State prosecutor Alexander Jamii told a Shanzu court in Mombasa that Odera and Makenzi share a common history of business investments, particularly a TV station used in passing radicalisation messages to recruit followers.
"The intelligence information reveals that upon the demise of the innocent and vulnerable followers of Pastor Odero, bodies were preserved at a privately-run morgue in Kilifi before being transported and interred in Shakahola forest," states an affidavit produced in court by Jamii.

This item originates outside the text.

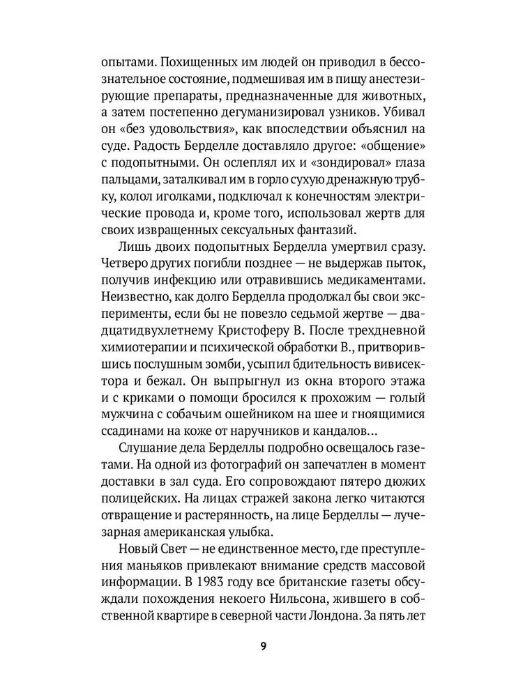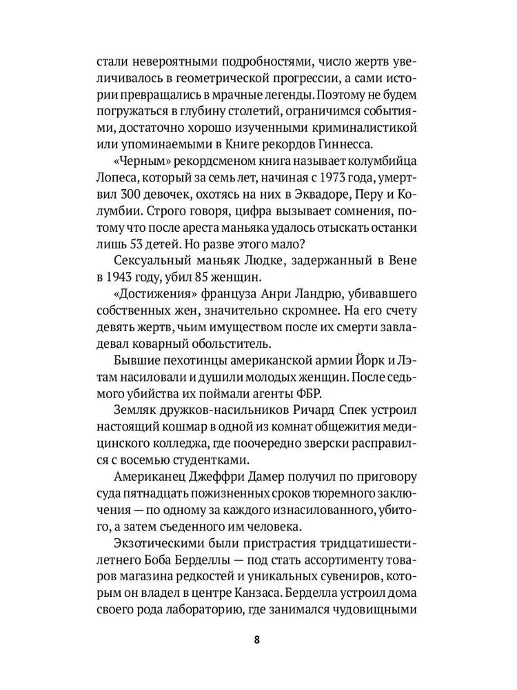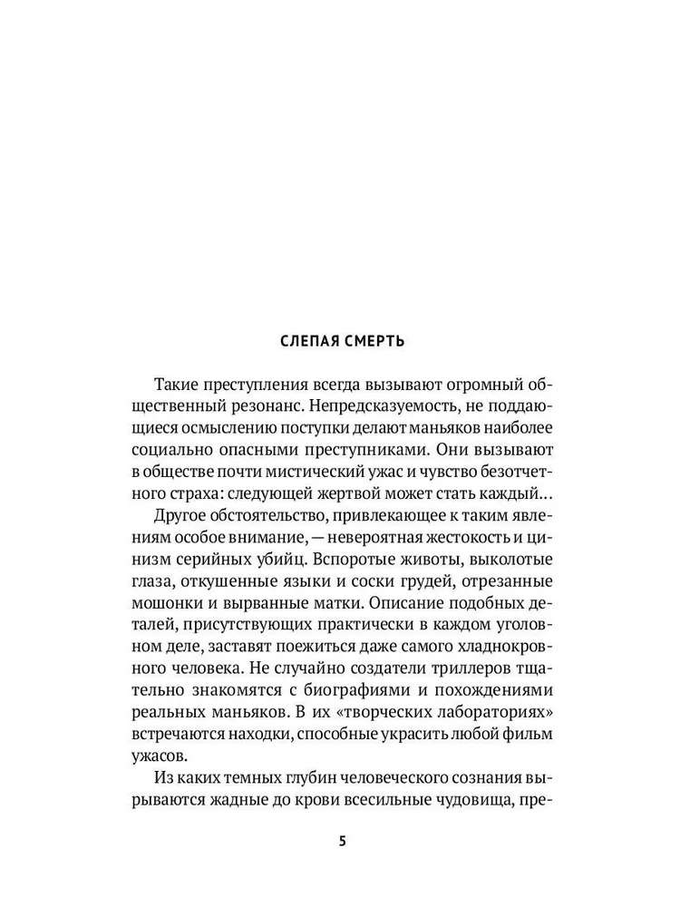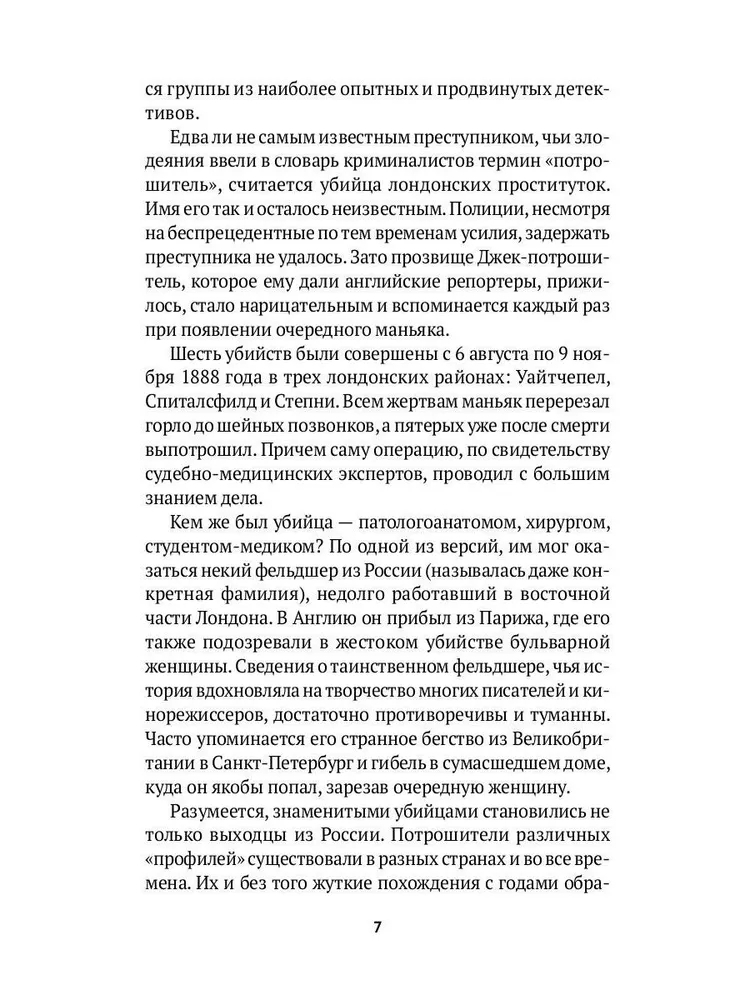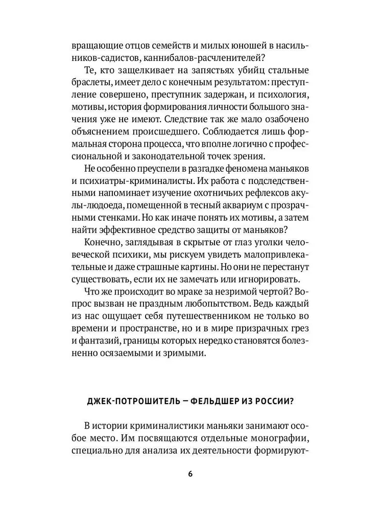 Потрясающая книга о серийниках времён СССР. Следует отметить наличие неприятных описаний и фотографий с мест преступлений, а они действительно ужасны! Но если вы увлекаетесь темой криминального мира, думаю, для вас это покажется вполне сносным. Здесь затронуты многие маньяки, среди которых есть и Чикатило, и Сливко, и Пичушкин. Уверяю вас, скучно не будет. Следует запастись терпением и крепкими нервами, но если вы этим не обладаете, возможно, стоит ещё раз подумать перед прочтением этой книги. Всё же это другая сторона, другой мир, который преисполнен жестокостью и хладнокровием на первый взгляд вполне обычных людей.

But the shocking reports from Shakahola, and Makenzi's modus operandi, since 2013 at Malindi's Furunzi area, and later in Shakahola have been deduced by different people in different ways.
It is the controlling power, according to the Director of Public Prosecution (DPP), that Makenzi exercised to direct his subjects to starve to death, ostensibly to seek martyrdom.
But for the Mijikenda elders in the area, the Shakahola massacre was a repeat of sad events that took place in the area, which include Chakama, from 1913 to 191,4 during the colonial periods.
Kaya spokesman Baya Mitsanze said in May 1913, Mekatilili wa Menza administered anti-British oaths called kiharo in Chakama forest in the home of a respected matriarch called Hawa Waje.
Mitsanze said the oaths led to the arrest of Mekatilili, which later sparked an uprising that led to the death of several British soldiers and tens of the Mijikenda people in Shakahola.